Isn't that just a nice way of saying that Facebook isn't useful?

I think the interesting take-away from this article is not so much that
Facebook has changed the context by adding features that include a larger
network of people, but rather that perhaps Facebook is most useful when you
use it exclusively with a small network of people with whom you have very
real, close relationships. Suppose Facebook had exactly the same features that
it has now but was limited to college campuses where connections could be made
only with close friends and classmates. Would the experience really be any
worse than it was when the functionality was more limited?
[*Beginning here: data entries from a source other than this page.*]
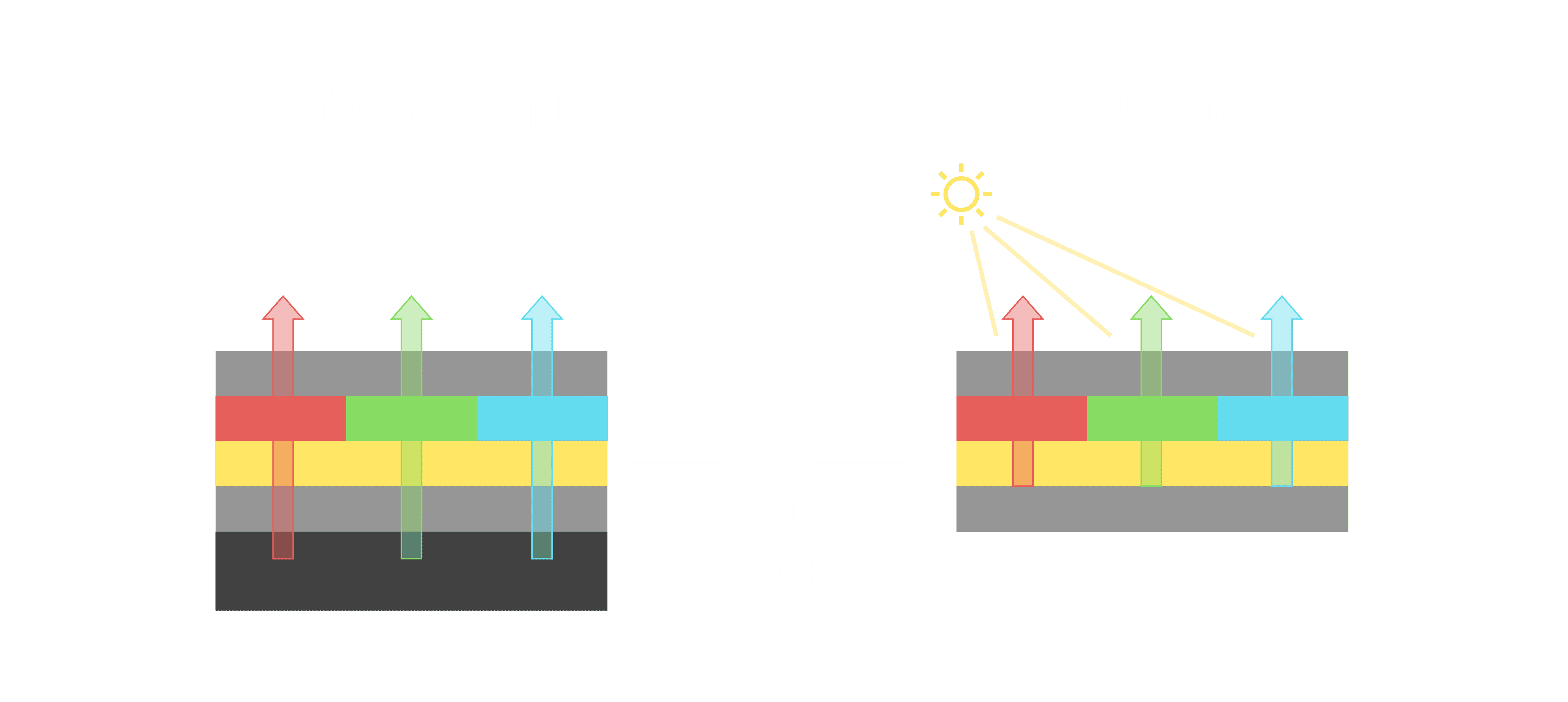 与传统需搭配背光单元的液晶显示相比,,,,反射式液晶技术不仅更省电、、、、更轻薄,,且即便在艳阳下仍能清晰显示。。。。此外,,少了背光单元,,,也大幅降低了 LED 蓝光伤害眼睛的疑虑。。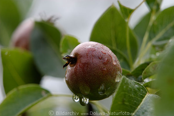 Gartenbirnen am Birnenbaum, Obstbaum, Wildbirne pyrus pyraster Kernobstsorte der Rosengewächse. Nahrung in Natur Baumblätter, Fruchtreife rundes Lebensmittel Fruchtbild.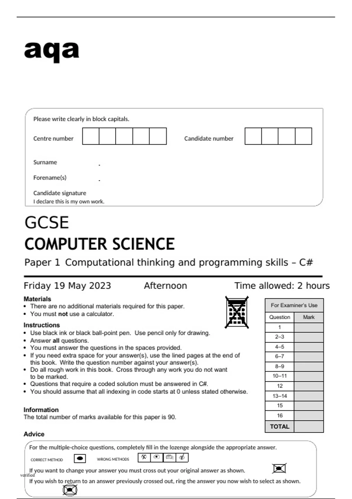 Aqa GCSE Computer Science 8525/1A Question Paper May2023.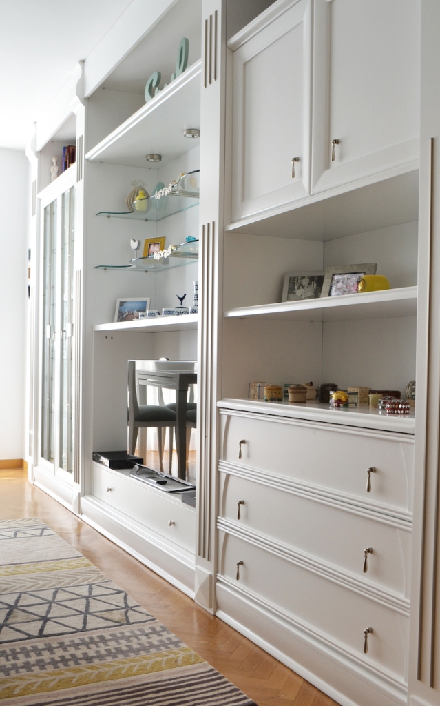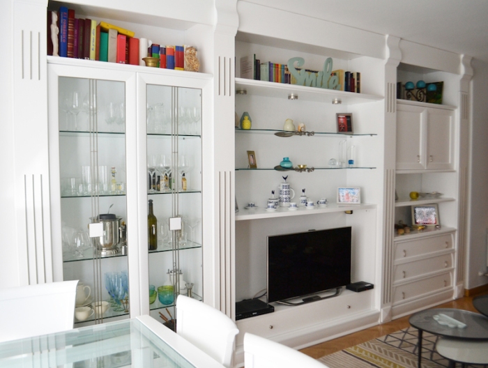 La siguiente decisión importante, fue mantener la gran estantería que ocupaba toda una pared, pero con dos modificaciones que transformarían el salón por completo. Por un lado, había que igualar en profundidad el módulo central al resto del mueble (esto haría que la habitación pareciera más ancha); y por otro, y esta fue, la GRAN decisión, se lacaría todo el mueble en color blanco para ganar luz. Como además, nuestros clientes querían mantener los muebles del comedor (mesa y sillas), decidimos que la mejor opción era también lacarlos.
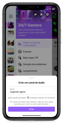 - Canais de áudio da comunidade: recurso que permite que administradores e membros do grupo entrem e saiam casualmente de conversas de áudio em tempo real. Por exemplo, se você deseja ouvir as práticas recomendadas de outros mestres da grelha em seu grupo de amantes de churrasco, pode existir um canal de áudio disponível no grupo do Facebook e no Messenger.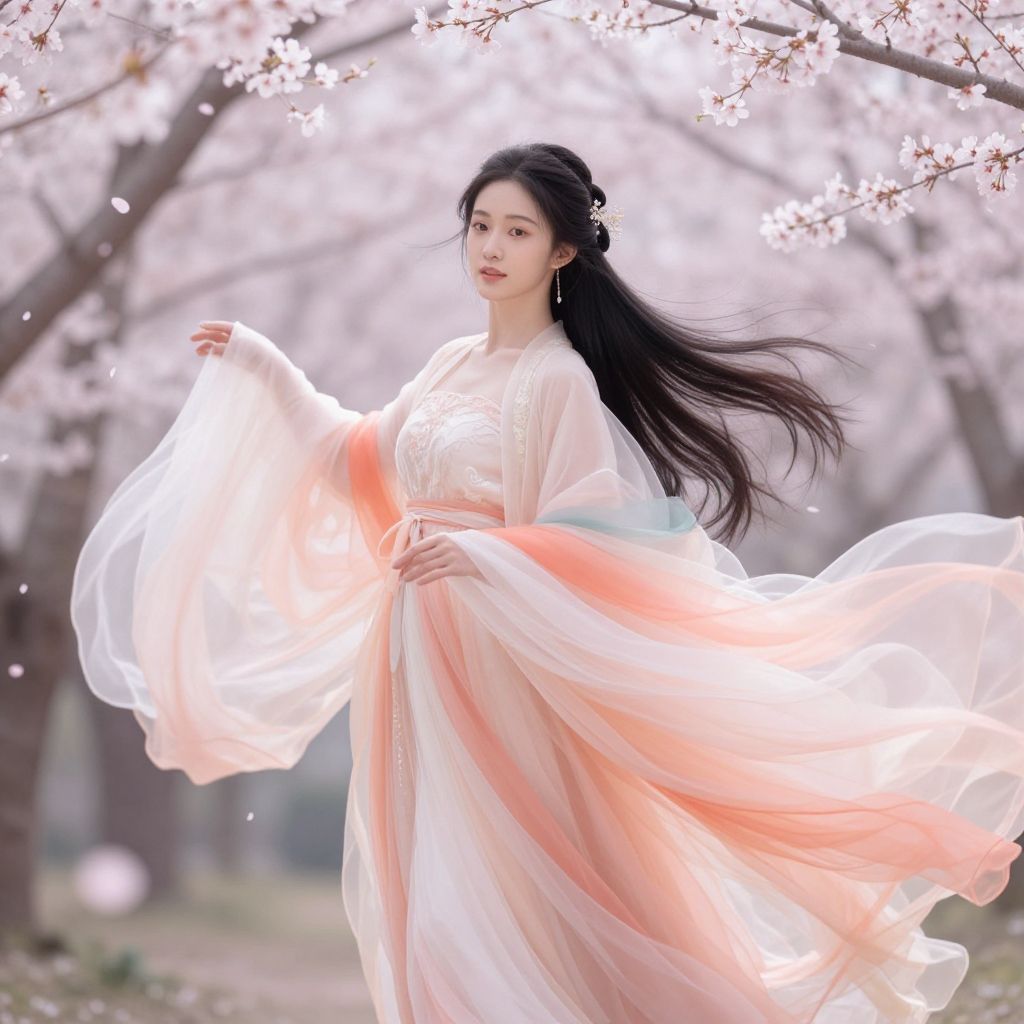 Most beautiful Asian women in the world, ethereal fantasy setting, cherry blossoms floating around, flowing silk gowns, dreamlike atmosphere, ultra-detailed and vivid colors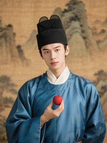 身着精美唐制蓝缎圆领窄袖袍,头戴黑色幞头帽,一手醒目地托着一颗大红荔枝。主体居中,中式古风带现代摄影感,古风元素暖色调,背景山水晕染笔触,营造历史厚重感与故事氛围,不要模糊。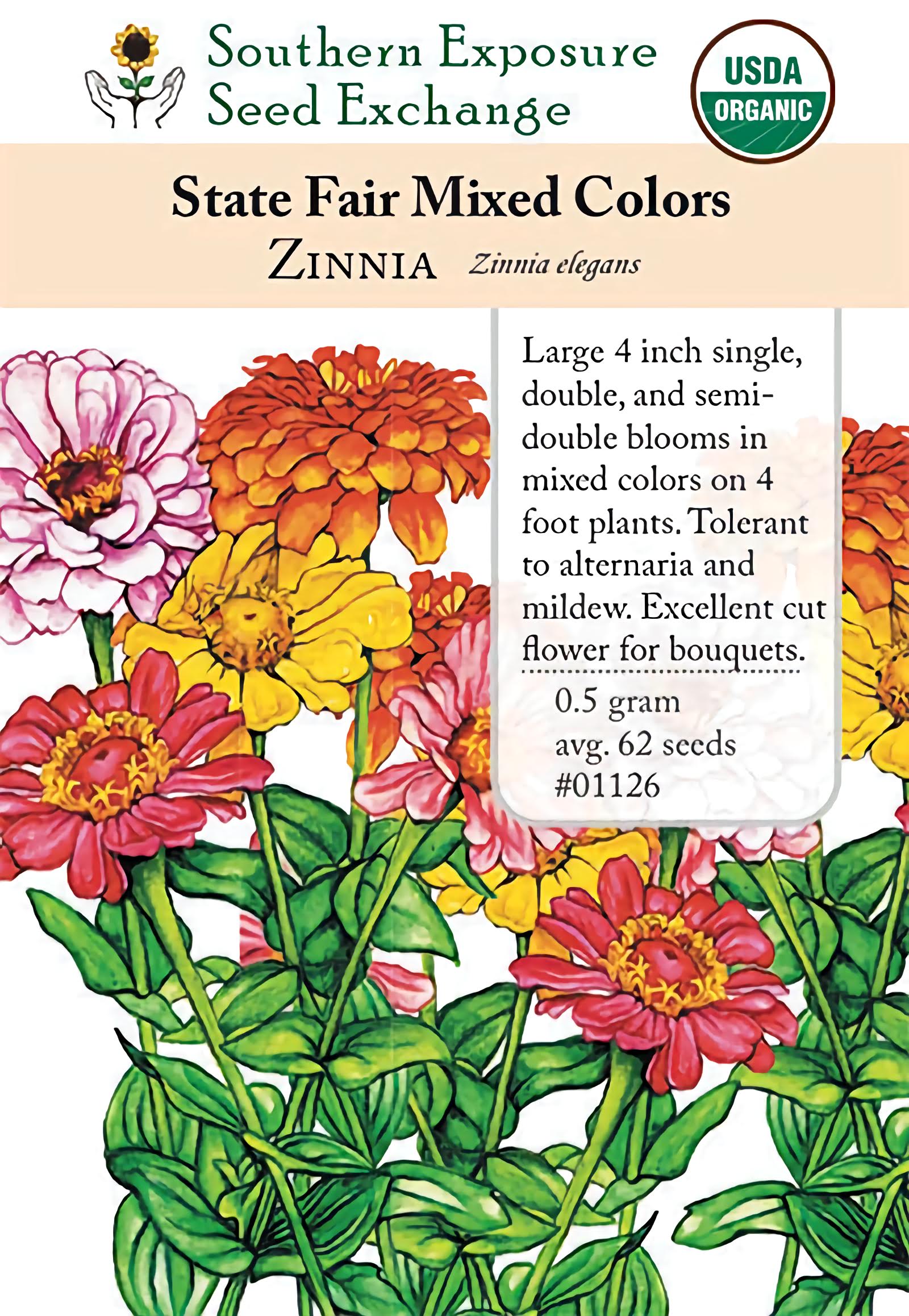 (Zinnia elegans) Large 4 in. single, double and semi-double blooms in mixed colors on 48 in. tall plants. Tolerant to alternaria and mildew. A wonderful cut flower for bouquets. Popular variety.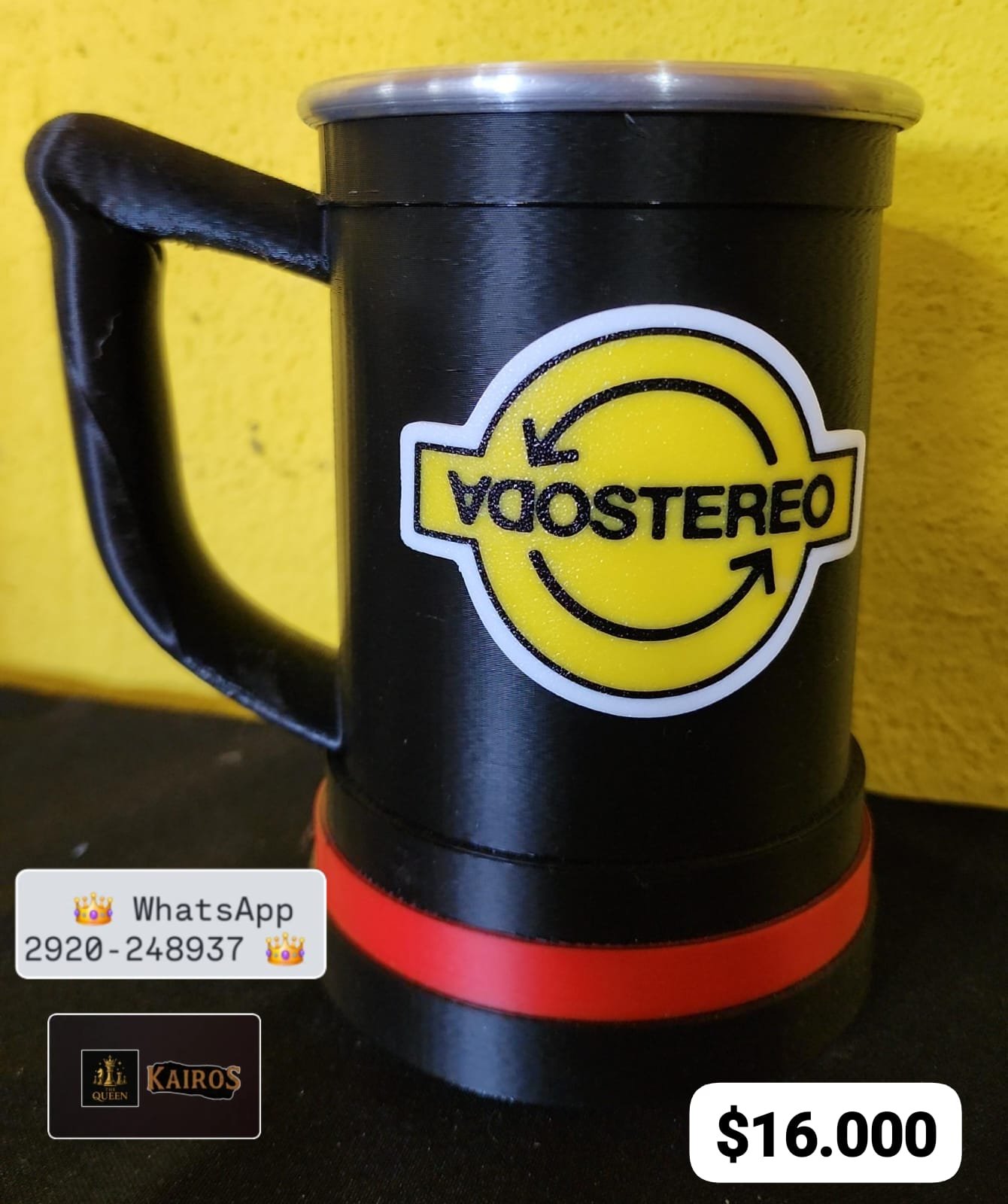 Taza personalizada con el icónico logo de Soda Stereo, ideal para fans de la banda.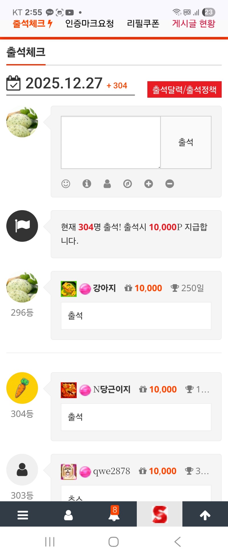 1년만근 가보자구요 ^^ 강아지 2 0 0 02:58:19 *기프티콘 바코드 노출 주의* <- 0 0 https://seulca1.com/bbs/board.php?bo_table=free&wr_id=3421425 Author 0 0 Lv.12 강아지 12 14,062,678 (21%) 강아지님 보유 포인트 : P 1,683,826 +2 12.27 1년만근 가보자구요 ^^ +3 12.27 출근길 커피당첨 고마워용 ^^^ +31 12.26 할배 슈퍼스캐터 324배 +30 12.26 가토 슈퍼스캐터 208배 +31 12.26 좀비스쿨 216배
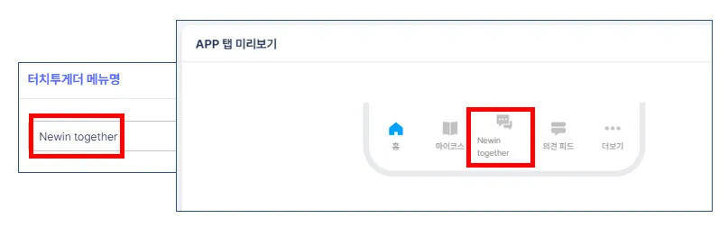 ⑩ 터치투게더 메뉴명 : 앱 하단에 표시되는 터치투게더의 이름을 변경할 수 있습니다.

When the author was in college and he had just recently joined Facebook (and
presumably most people he had ever met were just starting to use it) his
network was necessarily small and limited to those people whom he had recently
met and socialized with. As the years went by, more and more people joined his
network. But few, if any left.

The problem is that that is not an accurate reflection of real-world
relationships. Over time people prune relationships, either consciously or
subconsciously, but the point is that in the real world, relationships evolve
and end, but Facebook doesn't do a great job of evolving with those
relationships. Recently I find myself using Twitter more and more to the
exclusion of Facebook because on Facebook I get inundated with a mixture of
every kind of update, a very small percentage of which I care anything about.
I don't de-friend people because that is considered rude and what if I do want
to reconnect with that person someday?

With Twitter there are definitely times that I get inundated with annoying
tweets, but because I can quickly and easily stop following somebody, it is
very simple to maintain my network and keep the information presented to me
relevant.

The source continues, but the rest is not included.